Am 26. Mai entscheidet sich, wer künftig im Rathaussaal die Geschicke der Gemeinde Aitrach mitgestaltet. (Foto: Olaf Schulze)
Olaf Schulze

Der Aitracher Gemeinderat hat in seiner jüngsten Sitzung der vorgeschlagenen Besetzung des Gemeindewahlausschusses zur Kommunal- und Kreistagwahl am 26. Mai zugestimmt.

Der Gemeinderat von Aitrach besteht aus zwölf Mitgliedern, die die Parteien CDU, SPD und Freie Wähler (FWA) vertreten. Fünf Mitglieder bilden die Fraktion der CDU, drei die Fraktion der SPD und vier die Fraktion der FWA. Im Gremium sitzen derzeit drei Frauen und neun Männer. Der Gemeinderat trifft sich regelmäßig in den Ausschüssen oder im gesamten Gremium in etwa vierwöchigem Turnus, um über wichtige Themen zu beraten und Entscheidungen zu kommunalen Fragen zu treffen.

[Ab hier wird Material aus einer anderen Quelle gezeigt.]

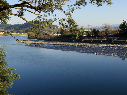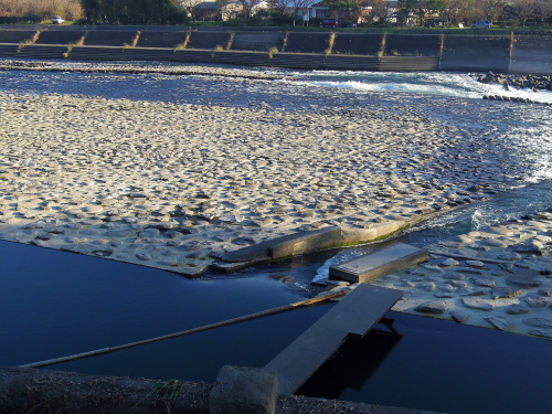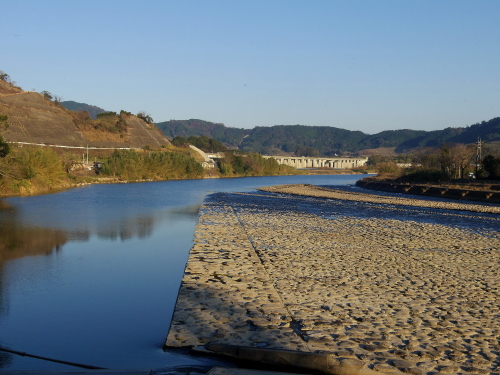 | 朝倉市を流れる筑後川にある山田堰は、筑後川の水を農業用水として利用するために江戸時代に造られたものです。山田堰でせき止められた水は堀川を伝って8km隔てた田畑を潤しています。当初の建設から100年以上の年月を経て、1790年の工事により現在の堰が完成したとされており、先人の知恵の結晶です。総面積約25,370平方キロメートルの巨大な構造物です。 |
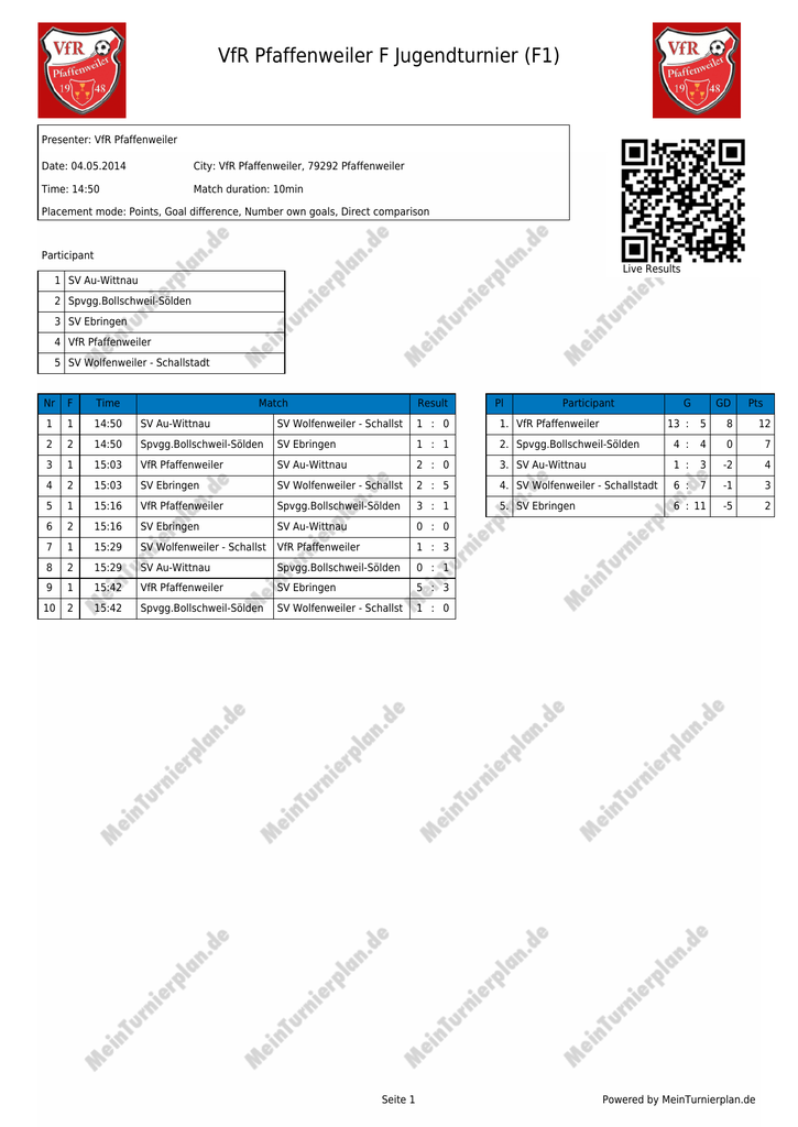 VfR Pfaffenweiler F Jugendturnier (F1) Presenter: VfR Pfaffenweiler Date: 04.05.2014 City: VfR Pfaffenweiler, 79292 Pfaffenweiler Time: 14:50 Match duration: 10min Placement mode: Points, Goal difference, Number own goals, Direct comparison Participant Live Results 1 SV Au-Wittnau 2 Spvgg.Bollschweil-Sölden 3 SV Ebringen 4 VfR Pfaffenweiler 5 SV Wolfenweiler - Schallstadt Nr F Time 1 1 14:50 SV Au-Wittnau Match SV Wolfenweiler - Schallst 1 : 0 Result Pl 1. VfR Pfaffenweiler Participant 2 2 14:50 Spvgg.Bollschweil-Sölden SV Ebringen 1 : 1 3 1 15:03 VfR Pfaffenweiler SV Au-Wittnau 4 2 15:03 SV Ebringen 5 1 15:16 6 2 7 1 8 G GD Pts 13 : 5 8 12 2. Spvgg.Bollschweil-Sölden 4 : 4 0 7 2 : 0 3. SV Au-Wittnau 1 : 3 -2 4 SV Wolfenweiler - Schallst 2 : 5 4. SV Wolfenweiler - Schallstadt 6 : 7 -1 3 VfR Pfaffenweiler Spvgg.Bollschweil-Sölden 3 : 1 5. SV Ebringen 6 : 11 -5 2 15:16 SV Ebringen SV Au-Wittnau 0 : 0 15:29 SV Wolfenweiler - Schallst VfR Pfaffenweiler 1 : 3 2 15:29 SV Au-Wittnau Spvgg.Bollschweil-Sölden 0 : 1 9 1 15:42 VfR Pfaffenweiler SV Ebringen 5 : 3 10 2 15:42 Spvgg.Bollschweil-Sölden SV Wolfenweiler - Schallst 1 : 0 Seite 1 Powered by MeinTurnierplan.de

Dem Gemeindewahlausschuss obliegt die Leitung der Gemeindewahlen. Er wacht darüber, dass die Vorbereitung und Durchführung der Wahl vorschriftsmäßig vor sich gehen. Im vorbereitenden Verfahren ist ihm als wichtigste Aufgabe die Prüfung und Zulassung der Wahlvorschläge zugewiesen. Bei der Durchführung der Wahl kommt ihm vor allem die Ermittlung und Feststellung des Wahlergebnisses zu. Hierbei übt er eine weitgehende Kontroll- und Aufsichtsfunktion aus, indem er beispielsweise grundsätzlich alle Entscheidungen der Wahlvorstände überprüft. Bei der Wahl der Kreisräte ist er für die örtliche Durchführung und die Feststellung des Ergebnisses verantwortlich.

Die von der Verwaltung vorgeschlagenen Personen wurden einstimmig bestätigt. Den Vorsitz des Wahlausschusses übernimmt Thomas Eisele, die Stellvertretung Werner Diebold. Die Beisitzer sind Birgit Knittel, Max Schenk, deren Stellvertreter sind Herbert Reich und Jürgen Riedle, als Schriftführer fungiert Roland Neumaier. Normalerweise übernimmt der amtierende Bürgermeister den Vorsitz des Wahlausschusses, dies ist bei diesen Kommunalwahlen allerdings nicht möglich, da sich Bürgermeister Thomas Kellenberger für den Kreistag bewirbt.